Why a Young Black Woman Owns a Firearm

A firearm shop wall full of guns
Impact

Renisha McBride was 19 when Theodore Wafer aimed a gun at her face and pulled the trigger. The details are still unclear, but what's known is McBride went to seek help at Wafer's Dearborn Heights, Mich. home after a car accident. Wafer claims he shot McBride in self-defense, but 12 of his peers will determine if he's being truthful.

One of the underlying aspects in this tragic case is the role of Dearborn Heights itself, an area that writer and activist dream hampton refers to as a modern sundown town. Sundown towns kept people of color out of specific cities with signs like "Nigger, Don't Let The Sun Go Down On You In Our Town." In 1970, there were more than 10,000 sundown towns across the United States. Almost 70% of sundown towns were in Illinois, according to Sundown Towns author James W. Loewen, and many still exist throughout the Midwest.

I live in one.

Carbondale, Ill. is a quintessential country town: small mom-and-pop stores, running deer, and backroads full of danger. It is also a historic sundown town. There are still restaurants and stores where students of color are warned not to venture. We never stop on certain roads at night.

Moving to a town where there's still lingering racism was the sole reason I purchased a firearm.

I never wanted to own a gun. I have a complicated relationship with weapons, like many other millennials. We've lived through Columbine and the Century 16 shootings, which both happened less than 20 miles from my parents' home. We know countries with more guns are less safe and that tragedy ensues when guns end up in the wrong hands. Millennials consider gun control more important than ownership rights.

Yet, I own a gun because I live in a town where having a weapon can make the difference between being the victim or the perp. Only 0.8% of gun violence victims threaten to or use a gun against an attacker; I'd rather be armed, if only to foster a false sense of security.

Living in rural Illinois also influenced my decision to purchase a firearm. That region has an impact on how we all view gun ownership is well known. Only 21% of Northeasterners have guns in their home, compared to 38% of Midwesterners and 45% of Southerners. This number increases to 50% among those living in rural areas.
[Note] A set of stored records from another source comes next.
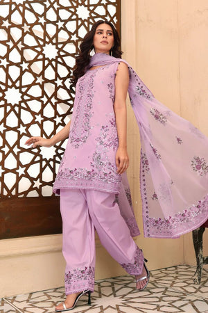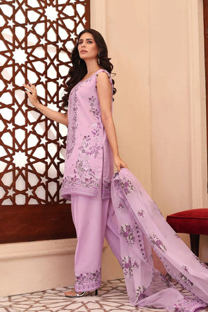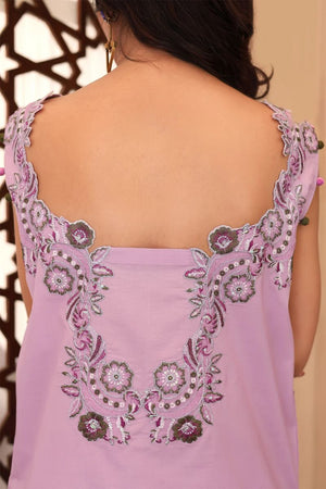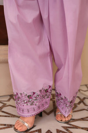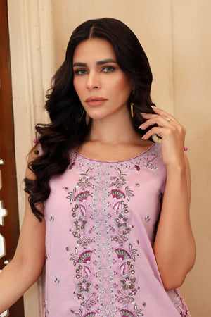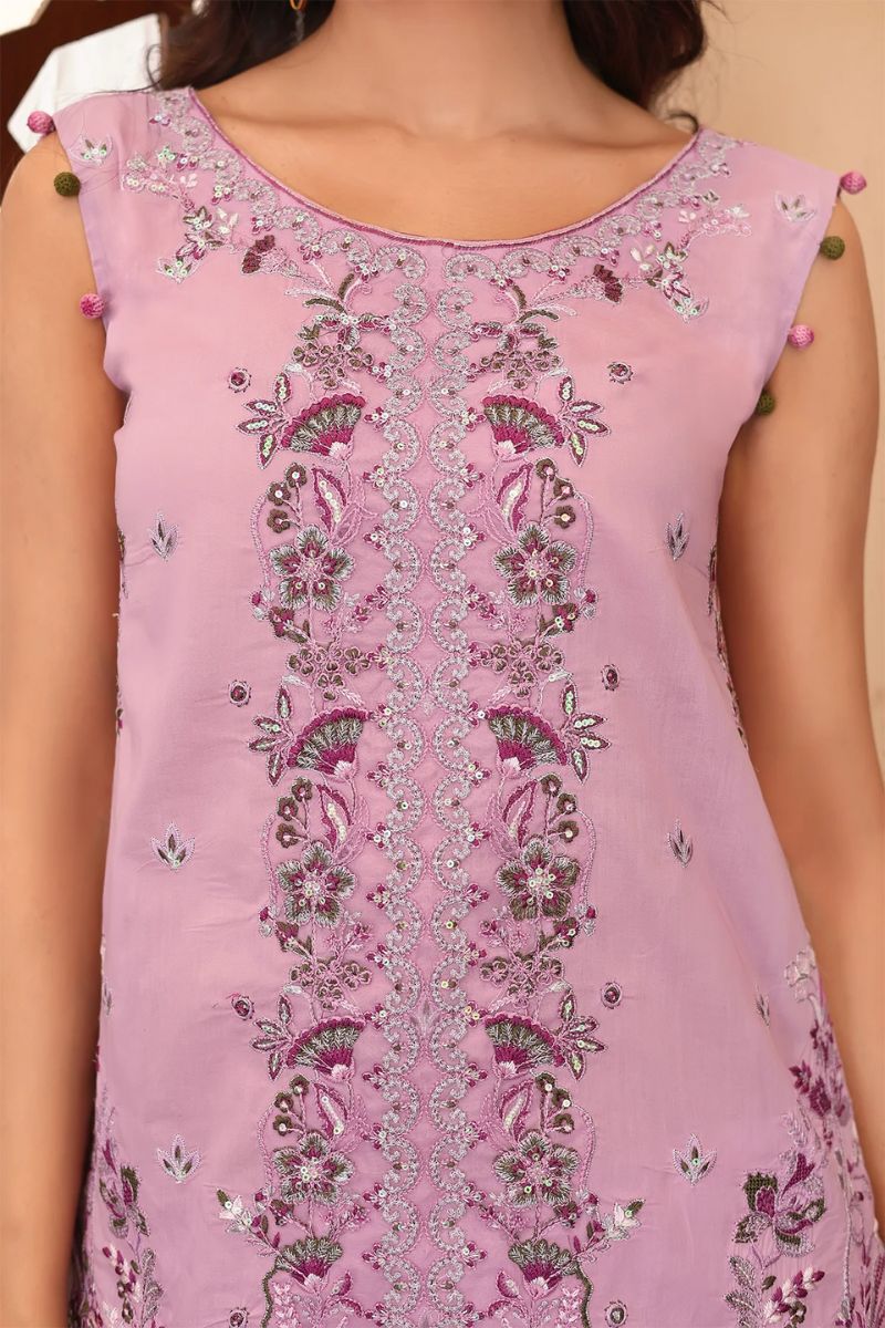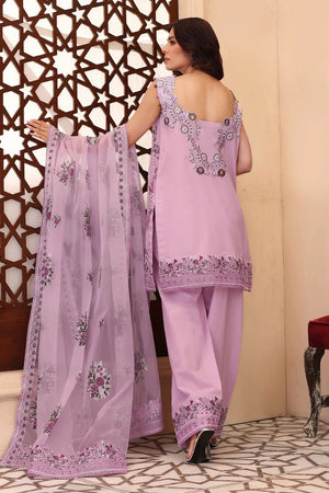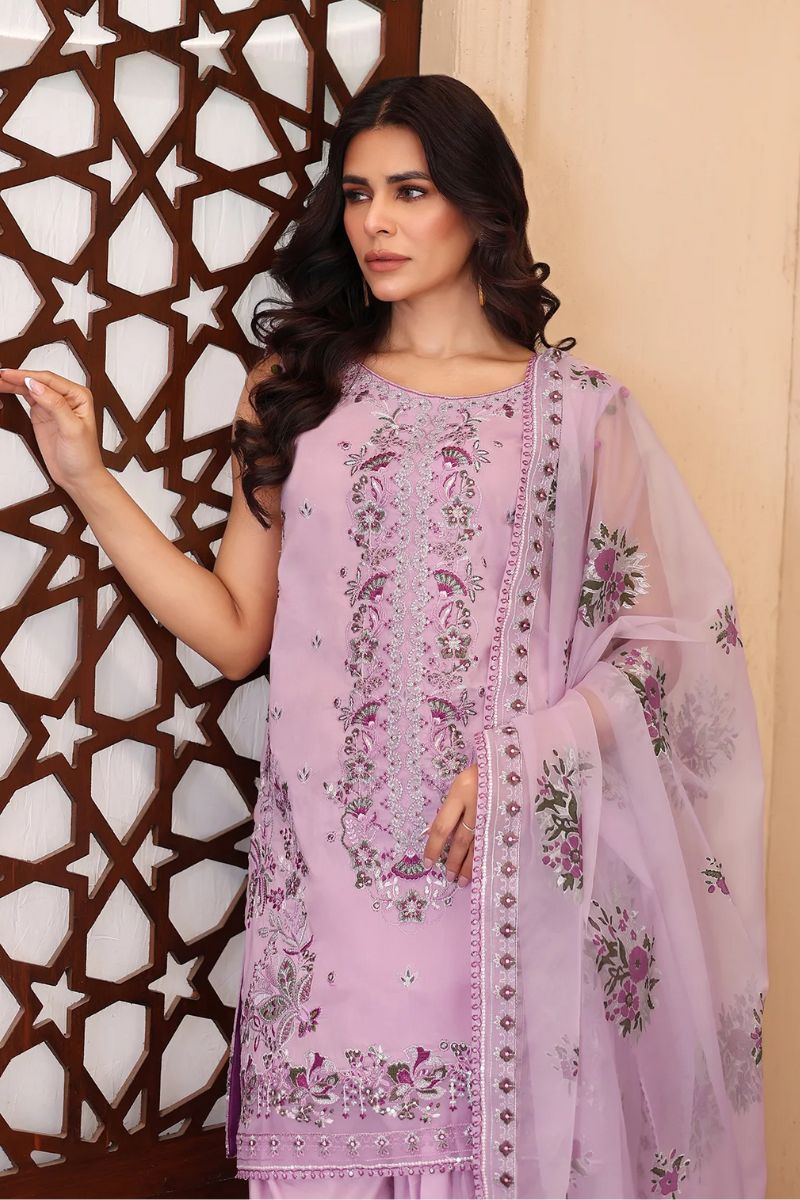 A soft lavender hue adorned with floral embroidery, delicate sequins, and defined borders. The matching dupatta adds movement and texture to this ethereal silhouette.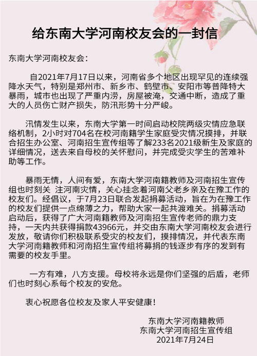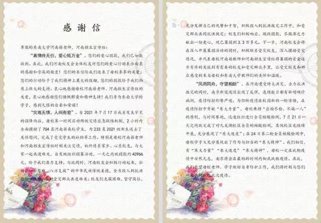 经太阳成集团tyc33455cc河南招生组与河南员工会商议,明确了捐助资金用途:一是用于受灾员工,重点针对近三年毕业的受灾地区的员工,按照每人1000元标准进行捐助;二是用于受灾严重地区群众,针对受灾严重地区的被淹村庄进行定向捐助;三是节余资金用于资助东大在河南的优质生源高中受灾员工。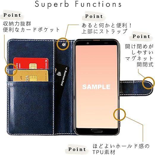 AQUOS R8 pro SH-51D ケース 手帳型 カバー SH51D SH-51Dケース SH-51Dカバー SH51Dケース SH51Dカバー AQUOSR8pro アクオスR8 プロ 手帳型ケース スマホケース 手帳 部長 ネイビー a

I'm not the only woman to notice that how I think about guns has changed based on where I live. Krishana Davis, a reporter for the Baltimore Sun, never considered buying a gun until she temporarily relocated to South Florida. Though she was born and raised in Baltimore, also known as "Bodymore, Murderland," South Florida caused her to develop "a heightened sense of awareness for my own protection and self-preservation." In an article for Clutch Magazine, Davis writes that not owning a gun in Florida made her a minority because it's so common for other young women to carry firearms in their glove compartments and purses.

It's much the same story in Texas. Newspaper reporter J. Victoria Sanders decided to pursue a concealed carry permit to protect herself as she navigated the journalism world. After the abduction of journalist Dorothy Pavaz and the dragging death of James Byrd Jr., Sanders found that gun ownership "seemed the most direct way to fend off growing feelings of vulnerability." Being an African-American woman in Texas bolstered Sanders' decision, as the Texas Department of Public Safety found that black woman are the "fastest-growing group of concealed handgun owners in the state."

What this suggests to me is that gun ownership is a back feminist issue. As writer Renee Simms recounts at Salon, black women have been "left unprotected as a matter of law and custom, our bodies designated as commodities, used as 'de mule uh de world' as Zora Neale Hurston wrote, and as sites for sexual violence and mockery." The Violence Policy Center found that black women are more likely to die at the end of the gun, especially if the crime involves someone she knows. It seems logical, then, that black women would take their protection into their own hands.

We've been raised in an era of mass shootings and political debates over gun control policies, but I own a gun because I'm a black American woman living in a sundown town. I realize that the likelihood of a gun protecting me from a rapist or an intruder is slim to none, but I also feel safer with a firearm in my home. It's just that simple.